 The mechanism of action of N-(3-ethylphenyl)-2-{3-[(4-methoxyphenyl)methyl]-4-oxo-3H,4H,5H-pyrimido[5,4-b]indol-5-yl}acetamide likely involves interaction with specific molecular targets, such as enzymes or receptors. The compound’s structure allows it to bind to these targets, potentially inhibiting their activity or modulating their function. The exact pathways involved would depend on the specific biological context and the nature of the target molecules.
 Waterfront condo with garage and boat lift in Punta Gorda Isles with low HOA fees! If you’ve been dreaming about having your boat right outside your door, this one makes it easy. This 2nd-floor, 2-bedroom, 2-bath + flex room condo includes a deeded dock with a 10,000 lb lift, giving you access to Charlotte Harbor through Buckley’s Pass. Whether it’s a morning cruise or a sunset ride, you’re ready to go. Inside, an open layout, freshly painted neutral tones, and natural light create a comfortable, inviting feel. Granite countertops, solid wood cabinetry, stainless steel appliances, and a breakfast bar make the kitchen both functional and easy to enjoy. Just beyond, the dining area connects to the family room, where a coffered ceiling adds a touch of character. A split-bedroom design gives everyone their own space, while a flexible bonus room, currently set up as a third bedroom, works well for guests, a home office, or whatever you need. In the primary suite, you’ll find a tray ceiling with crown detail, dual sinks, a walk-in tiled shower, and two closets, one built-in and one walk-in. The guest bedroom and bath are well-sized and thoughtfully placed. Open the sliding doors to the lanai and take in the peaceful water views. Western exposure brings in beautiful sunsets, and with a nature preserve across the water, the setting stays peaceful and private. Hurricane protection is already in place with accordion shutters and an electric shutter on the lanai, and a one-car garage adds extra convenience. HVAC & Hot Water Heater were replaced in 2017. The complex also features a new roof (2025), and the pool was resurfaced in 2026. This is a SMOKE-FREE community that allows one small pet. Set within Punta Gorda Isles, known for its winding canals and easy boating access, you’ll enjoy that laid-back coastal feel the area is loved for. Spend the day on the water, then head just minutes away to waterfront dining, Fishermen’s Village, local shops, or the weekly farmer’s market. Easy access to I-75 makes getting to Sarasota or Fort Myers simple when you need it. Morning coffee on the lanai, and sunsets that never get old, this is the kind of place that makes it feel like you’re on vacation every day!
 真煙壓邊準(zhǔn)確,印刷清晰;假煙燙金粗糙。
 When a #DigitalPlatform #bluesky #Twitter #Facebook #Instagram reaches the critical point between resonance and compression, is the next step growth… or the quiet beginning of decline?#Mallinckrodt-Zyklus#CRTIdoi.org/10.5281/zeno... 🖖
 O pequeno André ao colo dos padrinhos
== == ==
ACTIVITY: Exactly as written, return every line of the material.

ANSWER BELOW:
 The mechanism of action of N-(3-ethylphenyl)-2-{3-[(4-methoxyphenyl)methyl]-4-oxo-3H,4H,5H-pyrimido[5,4-b]indol-5-yl}acetamide likely involves interaction with specific molecular targets, such as enzymes or receptors. The compound’s structure allows it to bind to these targets, potentially inhibiting their activity or modulating their function. The exact pathways involved would depend on the specific biological context and the nature of the target molecules.
 Waterfront condo with garage and boat lift in Punta Gorda Isles with low HOA fees! If you’ve been dreaming about having your boat right outside your door, this one makes it easy. This 2nd-floor, 2-bedroom, 2-bath + flex room condo includes a deeded dock with a 10,000 lb lift, giving you access to Charlotte Harbor through Buckley’s Pass. Whether it’s a morning cruise or a sunset ride, you’re ready to go. Inside, an open layout, freshly painted neutral tones, and natural light create a comfortable, inviting feel. Granite countertops, solid wood cabinetry, stainless steel appliances, and a breakfast bar make the kitchen both functional and easy to enjoy. Just beyond, the dining area connects to the family room, where a coffered ceiling adds a touch of character. A split-bedroom design gives everyone their own space, while a flexible bonus room, currently set up as a third bedroom, works well for guests, a home office, or whatever you need. In the primary suite, you’ll find a tray ceiling with crown detail, dual sinks, a walk-in tiled shower, and two closets, one built-in and one walk-in. The guest bedroom and bath are well-sized and thoughtfully placed. Open the sliding doors to the lanai and take in the peaceful water views. Western exposure brings in beautiful sunsets, and with a nature preserve across the water, the setting stays peaceful and private. Hurricane protection is already in place with accordion shutters and an electric shutter on the lanai, and a one-car garage adds extra convenience. HVAC & Hot Water Heater were replaced in 2017. The complex also features a new roof (2025), and the pool was resurfaced in 2026. This is a SMOKE-FREE community that allows one small pet. Set within Punta Gorda Isles, known for its winding canals and easy boating access, you’ll enjoy that laid-back coastal feel the area is loved for. Spend the day on the water, then head just minutes away to waterfront dining, Fishermen’s Village, local shops, or the weekly farmer’s market. Easy access to I-75 makes getting to Sarasota or Fort Myers simple when you need it. Morning coffee on the lanai, and sunsets that never get old, this is the kind of place that makes it feel like you’re on vacation every day!
 真煙壓邊準(zhǔn)確,印刷清晰;假煙燙金粗糙。
 When a #DigitalPlatform #bluesky #Twitter #Facebook #Instagram reaches the critical point between resonance and compression, is the next step growth… or the quiet beginning of decline?#Mallinckrodt-Zyklus#CRTIdoi.org/10.5281/zeno... 🖖
 O pequeno André ao colo dos padrinhos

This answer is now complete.